» PROBLEM REQUIREMENTS: Every entry in the data that follows should come back exactly, pictures aside.

(Saved data entries)
........

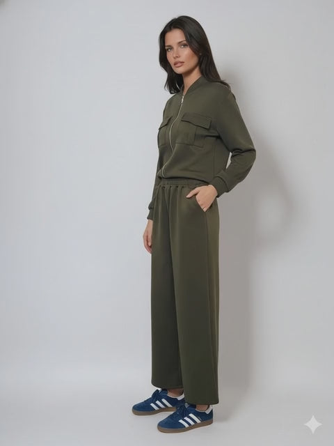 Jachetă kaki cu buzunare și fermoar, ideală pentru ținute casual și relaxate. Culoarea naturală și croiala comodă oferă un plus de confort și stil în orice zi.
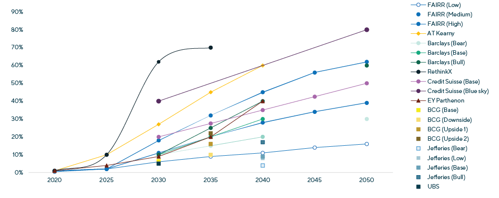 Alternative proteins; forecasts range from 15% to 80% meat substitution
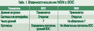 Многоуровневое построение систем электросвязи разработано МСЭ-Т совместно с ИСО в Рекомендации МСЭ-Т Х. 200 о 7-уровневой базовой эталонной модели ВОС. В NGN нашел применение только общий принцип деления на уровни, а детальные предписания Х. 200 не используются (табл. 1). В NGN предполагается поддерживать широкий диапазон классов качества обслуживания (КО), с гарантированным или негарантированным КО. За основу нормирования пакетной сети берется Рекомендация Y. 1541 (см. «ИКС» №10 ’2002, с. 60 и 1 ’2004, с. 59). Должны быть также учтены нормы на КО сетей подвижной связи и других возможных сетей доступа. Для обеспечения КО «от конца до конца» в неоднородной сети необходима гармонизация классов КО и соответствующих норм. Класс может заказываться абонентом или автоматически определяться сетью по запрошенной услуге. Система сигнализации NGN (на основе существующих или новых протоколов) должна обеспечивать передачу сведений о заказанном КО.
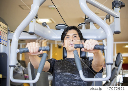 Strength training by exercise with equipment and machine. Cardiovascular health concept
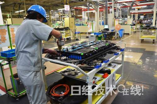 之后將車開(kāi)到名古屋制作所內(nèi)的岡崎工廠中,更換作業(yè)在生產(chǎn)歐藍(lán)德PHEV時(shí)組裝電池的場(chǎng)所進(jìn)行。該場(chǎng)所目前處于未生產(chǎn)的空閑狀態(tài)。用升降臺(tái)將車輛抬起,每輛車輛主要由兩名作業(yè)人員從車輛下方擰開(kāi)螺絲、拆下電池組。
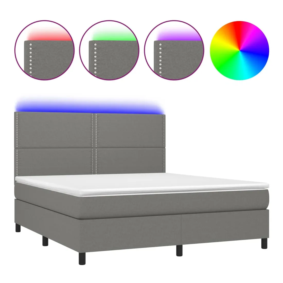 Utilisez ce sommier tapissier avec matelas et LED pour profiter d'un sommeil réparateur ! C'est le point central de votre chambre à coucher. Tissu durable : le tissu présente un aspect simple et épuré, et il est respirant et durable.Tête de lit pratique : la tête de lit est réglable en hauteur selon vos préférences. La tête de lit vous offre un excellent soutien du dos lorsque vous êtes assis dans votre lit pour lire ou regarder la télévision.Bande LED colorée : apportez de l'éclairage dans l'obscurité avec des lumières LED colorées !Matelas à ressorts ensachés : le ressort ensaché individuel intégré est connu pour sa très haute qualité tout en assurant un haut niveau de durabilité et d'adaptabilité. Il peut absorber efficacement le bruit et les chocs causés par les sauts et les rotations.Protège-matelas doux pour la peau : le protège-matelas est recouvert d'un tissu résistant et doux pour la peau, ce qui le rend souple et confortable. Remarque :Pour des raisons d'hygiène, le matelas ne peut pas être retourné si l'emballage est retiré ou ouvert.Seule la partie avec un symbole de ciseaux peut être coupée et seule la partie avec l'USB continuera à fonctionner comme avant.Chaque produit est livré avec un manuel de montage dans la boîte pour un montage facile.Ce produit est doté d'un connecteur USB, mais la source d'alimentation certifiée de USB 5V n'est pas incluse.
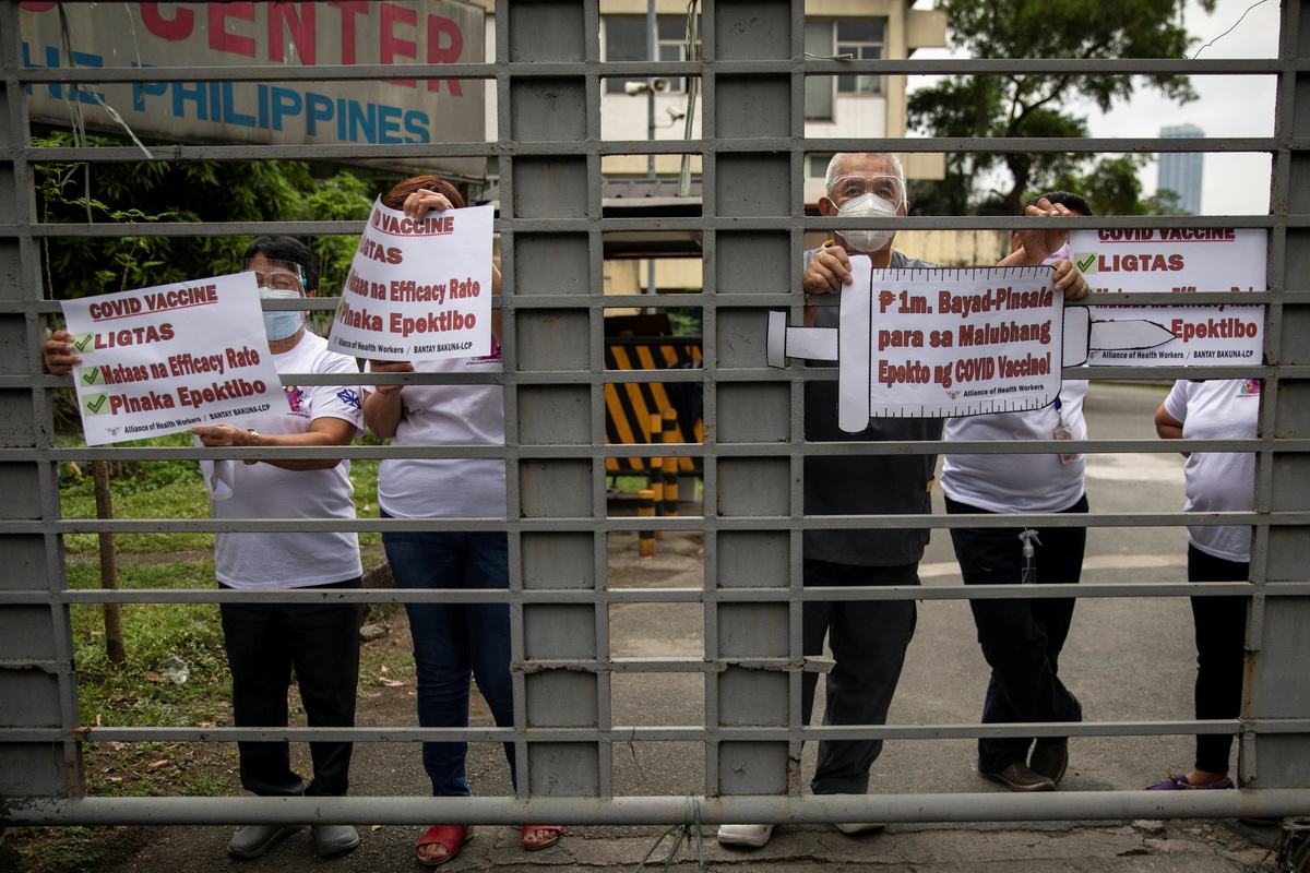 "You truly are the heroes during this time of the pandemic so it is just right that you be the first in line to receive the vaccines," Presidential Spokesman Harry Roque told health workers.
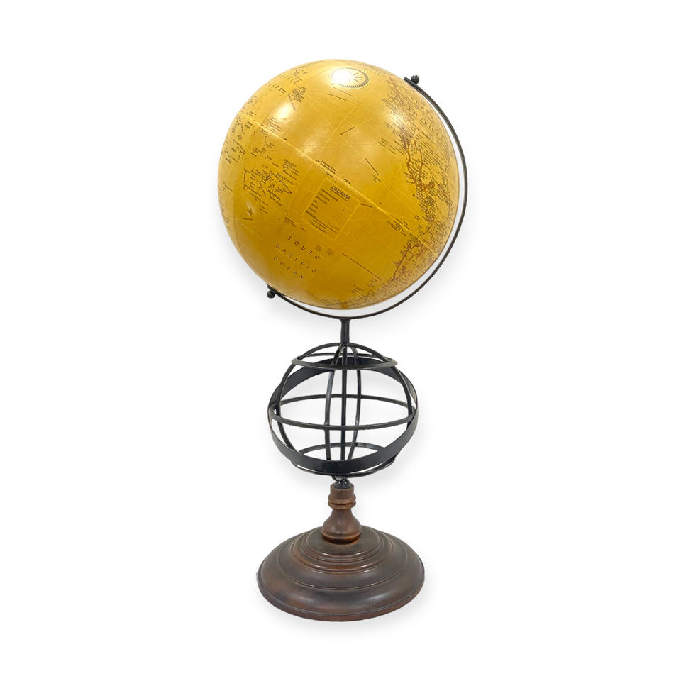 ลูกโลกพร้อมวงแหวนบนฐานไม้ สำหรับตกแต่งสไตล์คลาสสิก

........

» ANSWER FOR THE TASK:
 Jachetă kaki cu buzunare și fermoar, ideală pentru ținute casual și relaxate. Culoarea naturală și croiala comodă oferă un plus de confort și stil în orice zi.
 Alternative proteins; forecasts range from 15% to 80% meat substitution
 Многоуровневое построение систем электросвязи разработано МСЭ-Т совместно с ИСО в Рекомендации МСЭ-Т Х. 200 о 7-уровневой базовой эталонной модели ВОС. В NGN нашел применение только общий принцип деления на уровни, а детальные предписания Х. 200 не используются (табл. 1). В NGN предполагается поддерживать широкий диапазон классов качества обслуживания (КО), с гарантированным или негарантированным КО. За основу нормирования пакетной сети берется Рекомендация Y. 1541 (см. «ИКС» №10 ’2002, с. 60 и 1 ’2004, с. 59). Должны быть также учтены нормы на КО сетей подвижной связи и других возможных сетей доступа. Для обеспечения КО «от конца до конца» в неоднородной сети необходима гармонизация классов КО и соответствующих норм. Класс может заказываться абонентом или автоматически определяться сетью по запрошенной услуге. Система сигнализации NGN (на основе существующих или новых протоколов) должна обеспечивать передачу сведений о заказанном КО.
 Strength training by exercise with equipment and machine. Cardiovascular health concept
 之后將車開(kāi)到名古屋制作所內(nèi)的岡崎工廠中,更換作業(yè)在生產(chǎn)歐藍(lán)德PHEV時(shí)組裝電池的場(chǎng)所進(jìn)行。該場(chǎng)所目前處于未生產(chǎn)的空閑狀態(tài)。用升降臺(tái)將車輛抬起,每輛車輛主要由兩名作業(yè)人員從車輛下方擰開(kāi)螺絲、拆下電池組。
 Utilisez ce sommier tapissier avec matelas et LED pour profiter d'un sommeil réparateur ! C'est le point central de votre chambre à coucher. Tissu durable : le tissu présente un aspect simple et épuré, et il est respirant et durable.Tête de lit pratique : la tête de lit est réglable en hauteur selon vos préférences. La tête de lit vous offre un excellent soutien du dos lorsque vous êtes assis dans votre lit pour lire ou regarder la télévision.Bande LED colorée : apportez de l'éclairage dans l'obscurité avec des lumières LED colorées !Matelas à ressorts ensachés : le ressort ensaché individuel intégré est connu pour sa très haute qualité tout en assurant un haut niveau de durabilité et d'adaptabilité. Il peut absorber efficacement le bruit et les chocs causés par les sauts et les rotations.Protège-matelas doux pour la peau : le protège-matelas est recouvert d'un tissu résistant et doux pour la peau, ce qui le rend souple et confortable. Remarque :Pour des raisons d'hygiène, le matelas ne peut pas être retourné si l'emballage est retiré ou ouvert.Seule la partie avec un symbole de ciseaux peut être coupée et seule la partie avec l'USB continuera à fonctionner comme avant.Chaque produit est livré avec un manuel de montage dans la boîte pour un montage facile.Ce produit est doté d'un connecteur USB, mais la source d'alimentation certifiée de USB 5V n'est pas incluse.
 "You truly are the heroes during this time of the pandemic so it is just right that you be the first in line to receive the vaccines," Presidential Spokesman Harry Roque told health workers.
 ลูกโลกพร้อมวงแหวนบนฐานไม้ สำหรับตกแต่งสไตล์คลาสสิก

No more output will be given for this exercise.